Section 12. Appointment of Temporary Conservator

a. Upon written application of any person deemed by the court to have sufficient interest in the welfare of the respondent, including but not limited to the spouse or any relative of the respondent, the Probate Court may, if it finds the respondent to be incapable of managing his or her affairs or incapable of caring for himself or herself, appoint a temporary conservator. The temporary conservator shall have charge of the property or of the person of the respondent or both for such period of time or for such specific occasion as the court finds to be necessary, provided a temporary appointment shall not be valid for more than 30 days.

b. An appointment shall not be made unless:

(1) there is presented to the judge a certificate, signed by two physicians licensed to practice medicine or surgery in this state, stating that they have examined the person and that it is their opinion that his condition renders him incapable; and

(2) the court finds that irreparable injury to the mental or physical health or financial or legal affairs of the respondent will result if a conservator is not appointed forthwith.

c. The court may, if it deems it to be in the best interests of the respondent, hold a hearing on any application for temporary conservator under this Section, in which case the provisions of Section 10 of this Chapter shall apply, except that the seven-day notice requirement set forth in Section 10 of this Chapter shall be waived. The application shall be acted upon within 48 hours after the filing thereof, Saturdays and Sundays excluded, unless continued for cause shown. The certificate shall state the date of examination, which shall not be more than three days before the date of signature. The judge may, in his discretion, require a temporary conservator to give a probate bond.

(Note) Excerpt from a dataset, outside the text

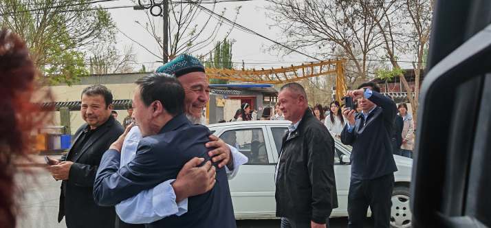 ![]() Before leaving Xinjiang, Zhou Aiwu says goodbye to villagers in Tongqike Village, Yuli County, in May 2023 (COURTESY PHOTO)
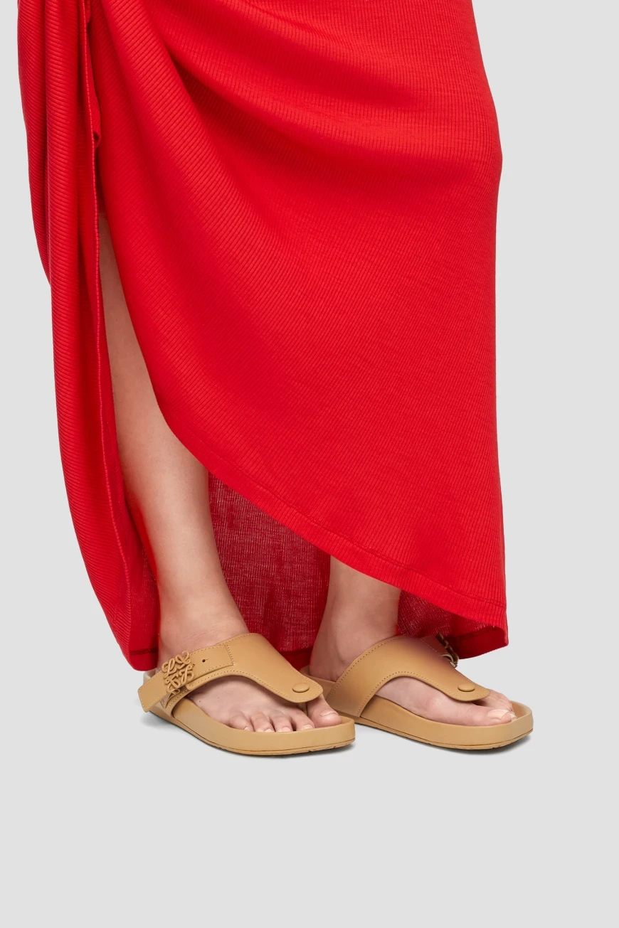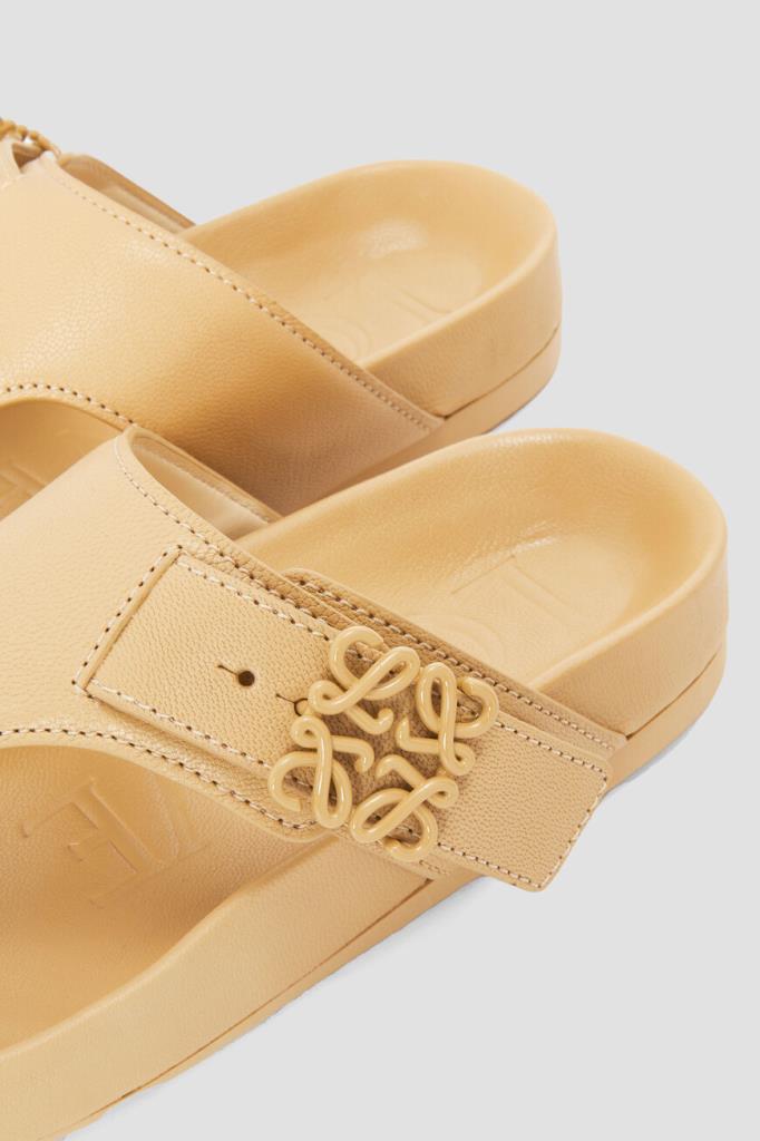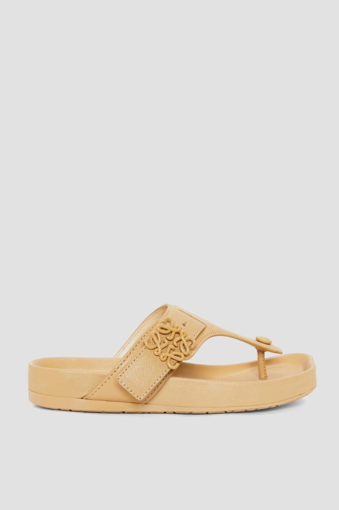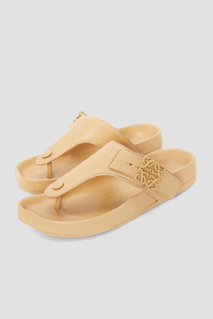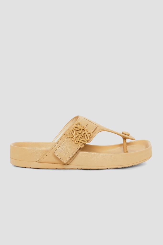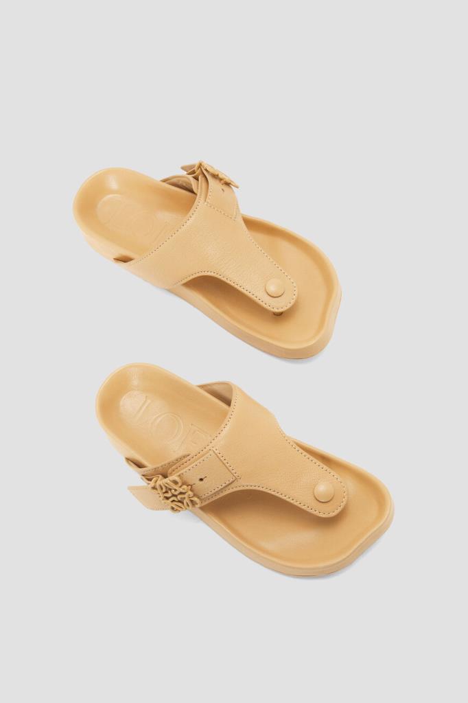 Сандалии из натуральной кожи козлёнка от бренда LOEWE. Пара с Т-образным ремешком выполнена в светло-бежевом оттенке и оснащена анатомической платформой, которая снизит нагрузку на стопу во время длительных прогулок. Ремешок для фиксации сбоку дополнен культовой формованной пряжкой LOEWE Anagram в виде четырёх изящных букв L.

Section 13. Duties of Conservator of the Estate. Application for Distribution of Gifts of Income and Principal from the Estate

a. A conservator of the estate appointed under Sections 7, 11, or 12 of this Chapter shall, within two months after the date of his or her appointment, make and file in the Probate Court, an inventory under oath of the estate of his or her ward, with the properties thereof appraised or caused to be appraised, by such conservator, at fair market value as of the date of his appointment. Such inventory shall include the value of the ward's interest in all property in which the ward has a legal or equitable present interest, including, but not limited to, the ward's interest in any joint bank accounts or other jointly held property. The conservator shall manage all the estate and apply so much of the net income thereof, and, if necessary, any part of the principal of the property, which is required to support the ward and those members of the ward's family whom he has the legal duty to support and to pay his debts, and may sue for and collect all debts due the ward.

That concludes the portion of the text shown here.